• Problem description: Copy the data that appears below exactly. Drop the pictures.

• Excerpted records:
◇ ◇ ◇

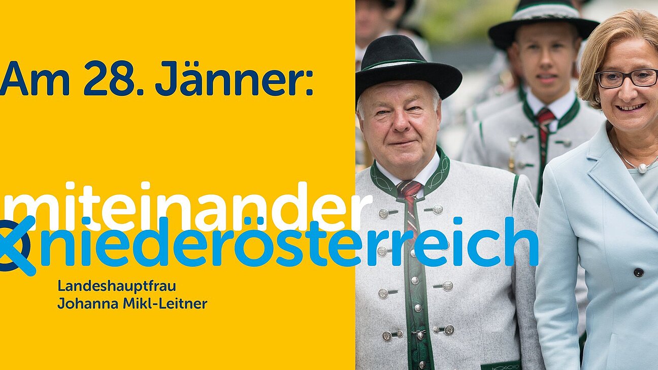 Das Miteinander im Land kann man am 28. Jänner wählen. Mit einer Stimme für Landeshauptfrau Johanna Mikl-Leitner. NÖ ist wie kein anderes Bundesland. Unser Land ist die Verbindung von städtischen Räumen und ländlichen Regionen. Uns geht es um Chance in der Stadt - und um Zukunft für den ländlichen Raum.
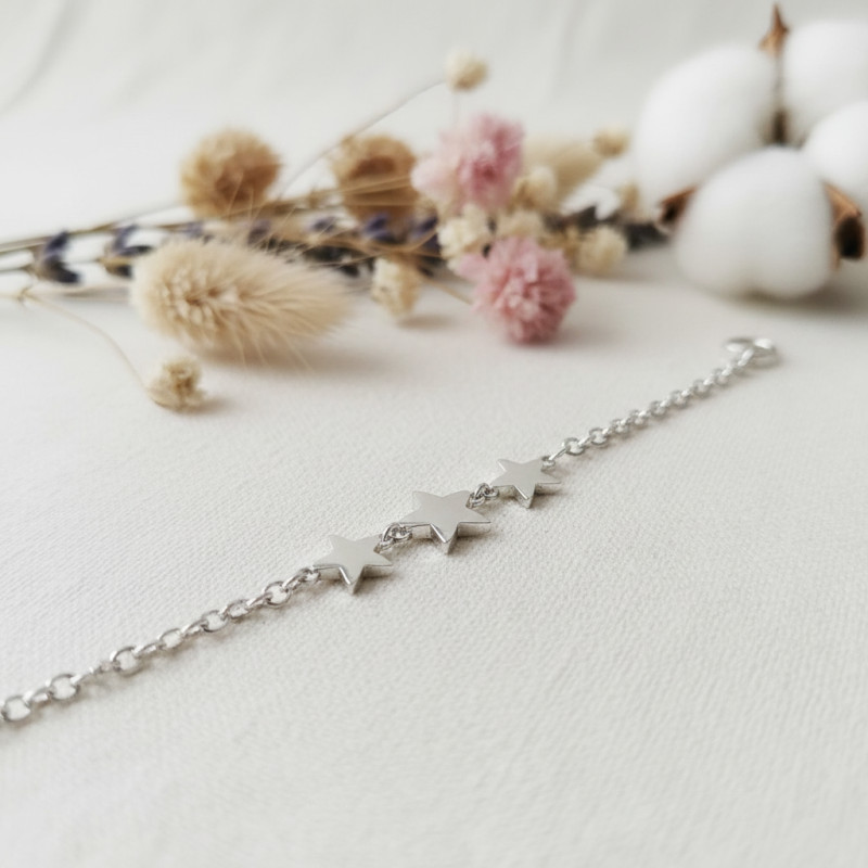 Comme ce sublime modèle que nous avons choisi de vous dévoiler ici. Ce bracelet a été réalisé entièrement en argent rhodié 925 pour qu'il garde sa couleur durant de longues années. Il a la particularité de nous dévoiler en son centre trois petits pendentifs représentant des étoiles. Ce bracelet s'accompagne d'une chaine forçat ronde.
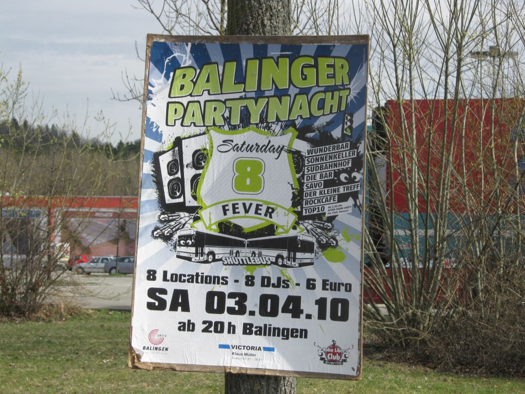 Die Werbung mit Stand- und Hängeplakaten für Veranstaltungen bedarf der Erlaubnis nach § 17 der Polizeilichen Umweltschutzverordnung der Stadt Balingen.
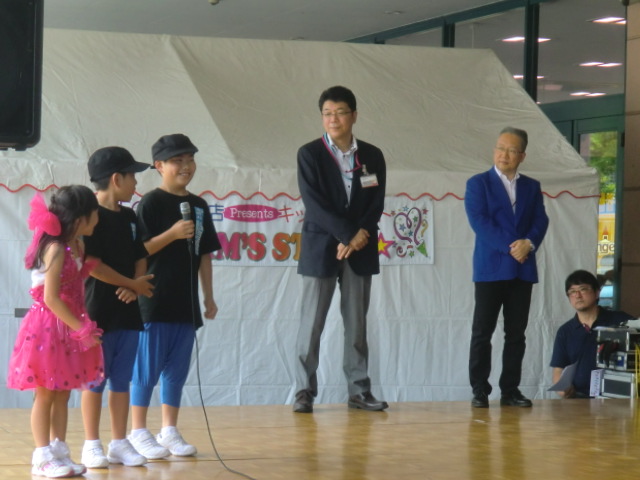 同友店会会長 イオン時津店店長 の挨拶後の、 出演者代表挨拶です。 兄弟3人で実施! 勿論! お兄ちゃんから! 上手でした!会場からのたくさんの拍手がありました。
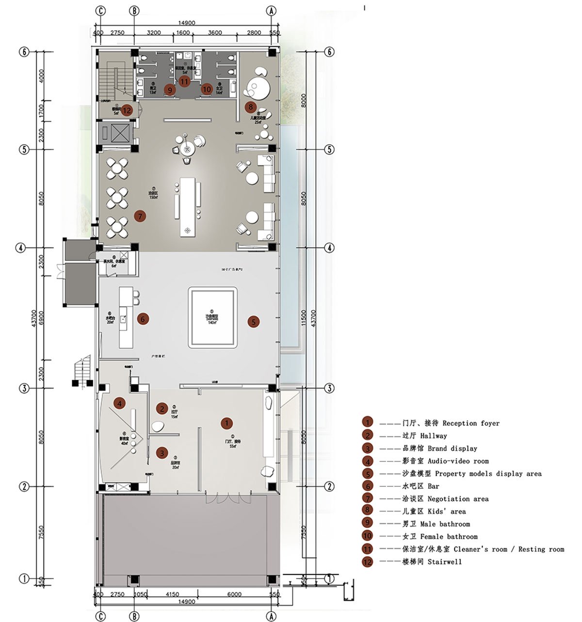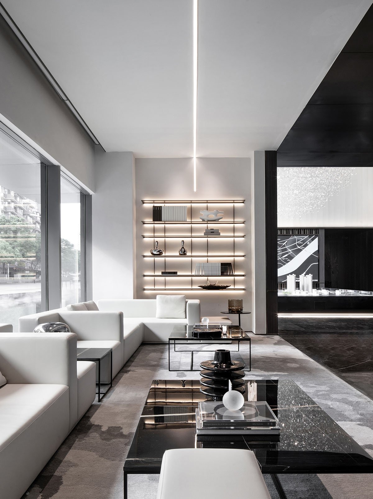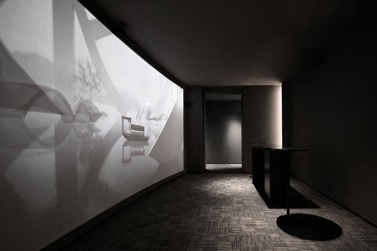The overall design of the sales center is based on black and white tones, and conceives a contemporary context to present the local mountain and water landscape. Black, white and grey hues dialogue with material textures, and the large area of geometric imagery and touching details create distinctive aesthetic scenes in different functional areas. The spatial layout combines solidness and void, the real and virtual, and the rhythmic circulation route enhances spatial experiences.
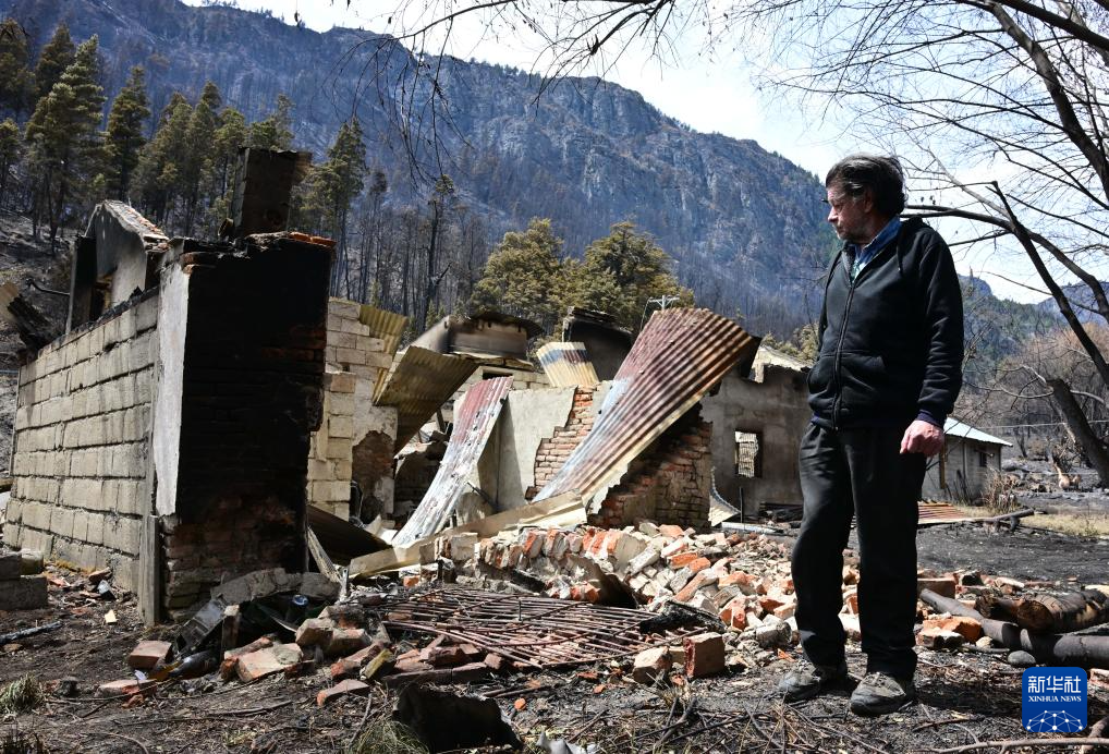 一名当地居民在阿根廷南部丘布特省埃普延市查看自己被烧毁的房屋(1月12日摄)。新华社发(马克西·约纳斯摄)
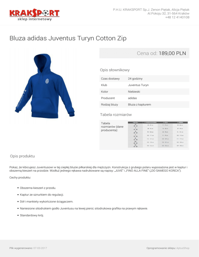 P.H.U. KRAKSPORT Sp.J. Zenon Piętak, Alicja Piętak Al.Pokoju 32, 31-564 Kraków +48 12 4140108 Bluza adidas Juventus Turyn Cotton Zip Cena od: 189,00 PLN Opis słownikowy Czas dostawy 24 godziny Klub Juventus Turyn Kolor Niebieski Producent adidas Rodzaj bluzy Bluza z kapturem Tabela rozmiarów Tabela rozmiarów (dane producenta): Opis produktu Pokaz, że kibicujesz Juventusowi w tej ciepłej bluzie piłkarskiej dla mężczyzn. Konstrukcja z grubego polaru wyposażona jest w kaptur i obszerną kieszeń na przodzie. Wzdłuż jednego rękawa nadrukowane są napisy: „JUVE” i „FINO ALLA FINE” („DO SAMEGO KOŃCA”). Cechy produktu: Obszerna kieszeń z przodu. Kaptur ze sznurkiem do regulacji. Dół i mankiety wykończone ściągaczem. Naniesione sitodrukiem godło Juventusu na lewej piersi; sitodrukowa grafika na prawym rękawie. Standardowy krój. Plik wygenerowano: 07-03-2017 Oprogramowanie sklepu: AptusShop P.H.U. KRAKSPORT Sp.J. Zenon Piętak, Alicja Piętak Al.Pokoju 32, 31-564 Kraków +48 12 4140108 Warianty produktu M 189,00 PLN Galeria Plik wygenerowano: 07-03-2017 Powered by TCPDF (www.tcpdf.org) Oprogramowanie sklepu: AptusShop
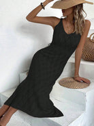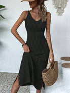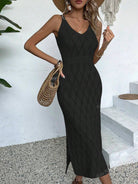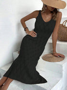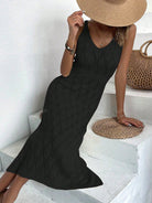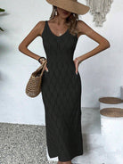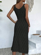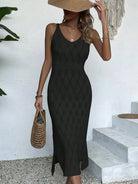 Knit Mix Women Casual V-Neck Solid Color Crochet Split Hem Dress, All White Summer Butter Yellow Back

◇ ◇ ◇

• Answer to this exercise:
 Das Miteinander im Land kann man am 28. Jänner wählen. Mit einer Stimme für Landeshauptfrau Johanna Mikl-Leitner. NÖ ist wie kein anderes Bundesland. Unser Land ist die Verbindung von städtischen Räumen und ländlichen Regionen. Uns geht es um Chance in der Stadt - und um Zukunft für den ländlichen Raum.
 Comme ce sublime modèle que nous avons choisi de vous dévoiler ici. Ce bracelet a été réalisé entièrement en argent rhodié 925 pour qu'il garde sa couleur durant de longues années. Il a la particularité de nous dévoiler en son centre trois petits pendentifs représentant des étoiles. Ce bracelet s'accompagne d'une chaine forçat ronde.
 Die Werbung mit Stand- und Hängeplakaten für Veranstaltungen bedarf der Erlaubnis nach § 17 der Polizeilichen Umweltschutzverordnung der Stadt Balingen.
 同友店会会長 イオン時津店店長 の挨拶後の、 出演者代表挨拶です。 兄弟3人で実施! 勿論! お兄ちゃんから! 上手でした!会場からのたくさんの拍手がありました。
The overall design of the sales center is based on black and white tones, and conceives a contemporary context to present the local mountain and water landscape. Black, white and grey hues dialogue with material textures, and the large area of geometric imagery and touching details create distinctive aesthetic scenes in different functional areas. The spatial layout combines solidness and void, the real and virtual, and the rhythmic circulation route enhances spatial experiences.
 一名当地居民在阿根廷南部丘布特省埃普延市查看自己被烧毁的房屋(1月12日摄)。新华社发(马克西·约纳斯摄)
 P.H.U. KRAKSPORT Sp.J. Zenon Piętak, Alicja Piętak Al.Pokoju 32, 31-564 Kraków +48 12 4140108 Bluza adidas Juventus Turyn Cotton Zip Cena od: 189,00 PLN Opis słownikowy Czas dostawy 24 godziny Klub Juventus Turyn Kolor Niebieski Producent adidas Rodzaj bluzy Bluza z kapturem Tabela rozmiarów Tabela rozmiarów (dane producenta): Opis produktu Pokaz, że kibicujesz Juventusowi w tej ciepłej bluzie piłkarskiej dla mężczyzn. Konstrukcja z grubego polaru wyposażona jest w kaptur i obszerną kieszeń na przodzie. Wzdłuż jednego rękawa nadrukowane są napisy: „JUVE” i „FINO ALLA FINE” („DO SAMEGO KOŃCA”). Cechy produktu: Obszerna kieszeń z przodu. Kaptur ze sznurkiem do regulacji. Dół i mankiety wykończone ściągaczem. Naniesione sitodrukiem godło Juventusu na lewej piersi; sitodrukowa grafika na prawym rękawie. Standardowy krój. Plik wygenerowano: 07-03-2017 Oprogramowanie sklepu: AptusShop P.H.U. KRAKSPORT Sp.J. Zenon Piętak, Alicja Piętak Al.Pokoju 32, 31-564 Kraków +48 12 4140108 Warianty produktu M 189,00 PLN Galeria Plik wygenerowano: 07-03-2017 Powered by TCPDF (www.tcpdf.org) Oprogramowanie sklepu: AptusShop
 Knit Mix Women Casual V-Neck Solid Color Crochet Split Hem Dress, All White Summer Butter Yellow Back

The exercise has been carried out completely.